Theodore Tuttle Woodruff was born in Jefferson County, New York on April 8, 1811. At age 16, he left his family farm to pursue an apprenticeship in wagon-making. After three years as a wagon maker, Woodruff began to learn pattern making at a foundry. With this skill, he became a journeyman who worked in Springfield, Massachusetts on railroad cars. He married Eliza Lord Hemenway on July 25, 1833, and they had two children.

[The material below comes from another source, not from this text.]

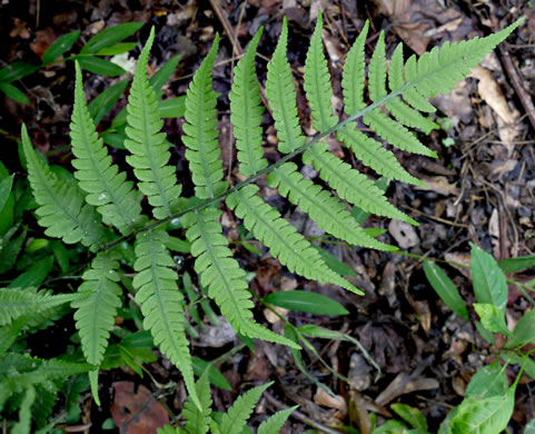 Pinnae mostly alternate, distant, almost sessile. Ovate-lanceolate, per Field Guide to the Ferns and Other Pteridophytes of Georgia (Snyder & Bruce, 1986).

In around 1855 at Alton, Illinois, Woodruff became the Master Car Builder for the Terre Haute, Alton & St. Louis Railroad company. On December 2, 1856, he received two patents for a convertible car seat. Following this, Woodruff relocated back to Springfield to create a new car utilising the convertible car seats built by T.W. Wason & Co. Woodruff's new design, the T.T. Woodruff's sleeping car, divided the car into sections with permanently fixed pairs of seats facing each other. The design then had a lower and middle berth (bunk) produced by a particular arrangement of pivoted seat cushions, while the upper berth was created by hinged frames that folded against the wall during the day. All berths had curtains that could be hung at night.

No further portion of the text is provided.